- PROMPT -
Output the entries below word for word, stopping once the line containing "Модная рубашка поло" is done, and omit each picture.

== Segment start ==

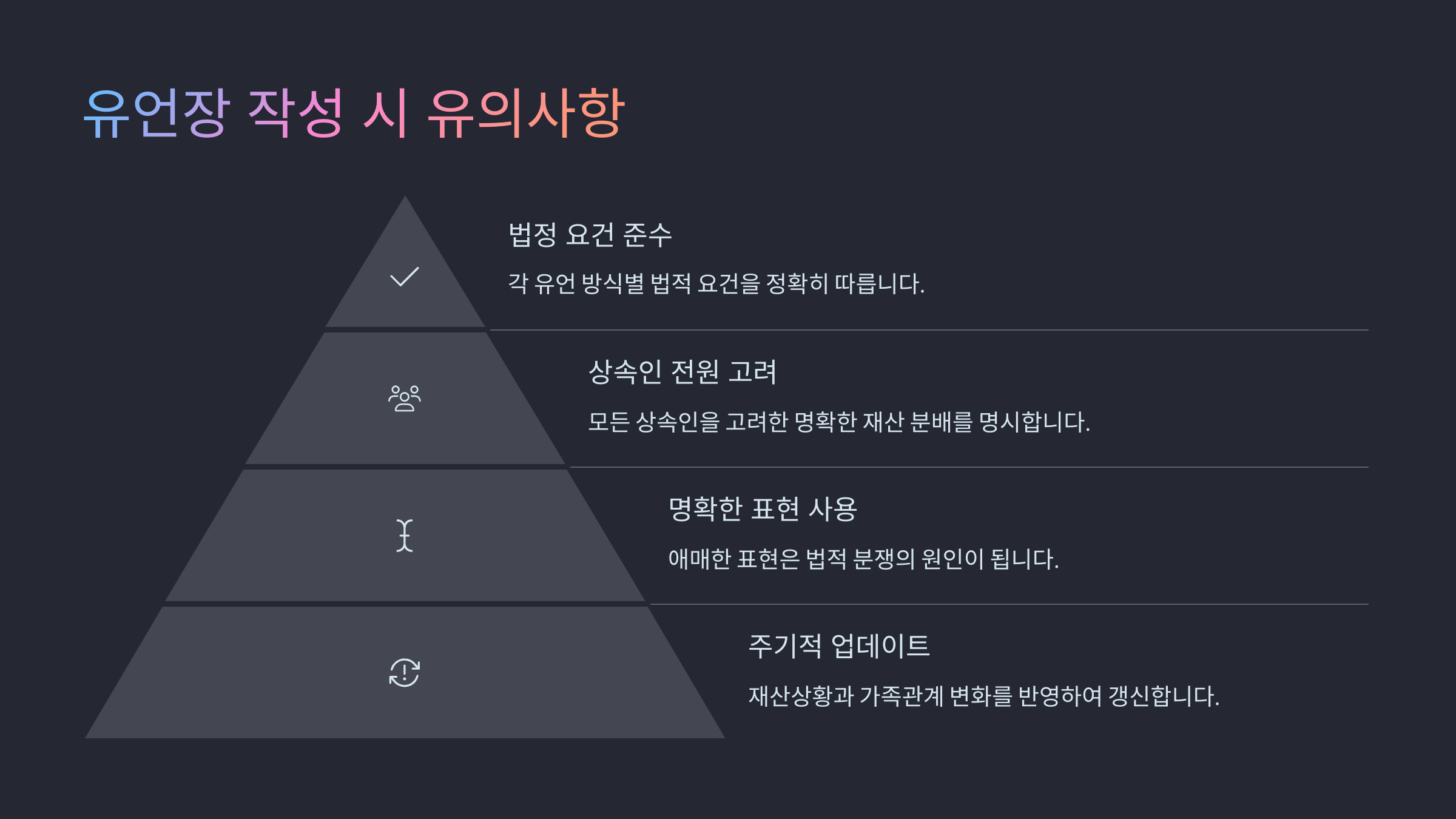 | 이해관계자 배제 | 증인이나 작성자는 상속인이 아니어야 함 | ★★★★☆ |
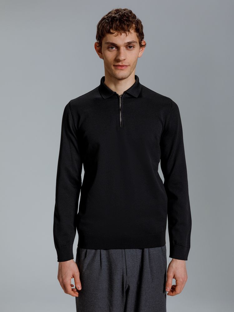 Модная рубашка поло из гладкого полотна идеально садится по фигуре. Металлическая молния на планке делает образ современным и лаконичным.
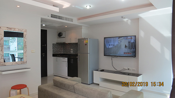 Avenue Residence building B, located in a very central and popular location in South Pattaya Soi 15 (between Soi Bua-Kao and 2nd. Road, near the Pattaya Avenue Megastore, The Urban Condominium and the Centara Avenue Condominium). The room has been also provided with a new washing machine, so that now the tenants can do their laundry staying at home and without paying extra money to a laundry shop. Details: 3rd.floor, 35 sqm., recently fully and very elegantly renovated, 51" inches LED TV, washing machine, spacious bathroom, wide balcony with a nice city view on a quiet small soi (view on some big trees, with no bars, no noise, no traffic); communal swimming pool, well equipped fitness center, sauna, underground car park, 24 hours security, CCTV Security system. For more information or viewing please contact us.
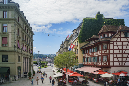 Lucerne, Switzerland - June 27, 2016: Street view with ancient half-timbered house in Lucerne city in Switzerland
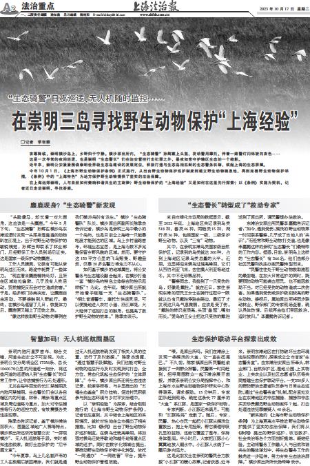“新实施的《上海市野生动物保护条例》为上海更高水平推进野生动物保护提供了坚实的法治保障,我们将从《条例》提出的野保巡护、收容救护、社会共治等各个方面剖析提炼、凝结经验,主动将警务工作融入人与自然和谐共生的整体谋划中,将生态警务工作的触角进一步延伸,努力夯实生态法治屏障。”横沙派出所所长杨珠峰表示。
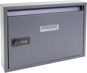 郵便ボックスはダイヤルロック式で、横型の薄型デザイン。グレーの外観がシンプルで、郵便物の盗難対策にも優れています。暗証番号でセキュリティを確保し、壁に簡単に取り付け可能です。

== Segment end ==

- TASK OUTPUT -
 | 이해관계자 배제 | 증인이나 작성자는 상속인이 아니어야 함 | ★★★★☆ |
 Модная рубашка поло из гладкого полотна идеально садится по фигуре. Металлическая молния на планке делает образ современным и лаконичным.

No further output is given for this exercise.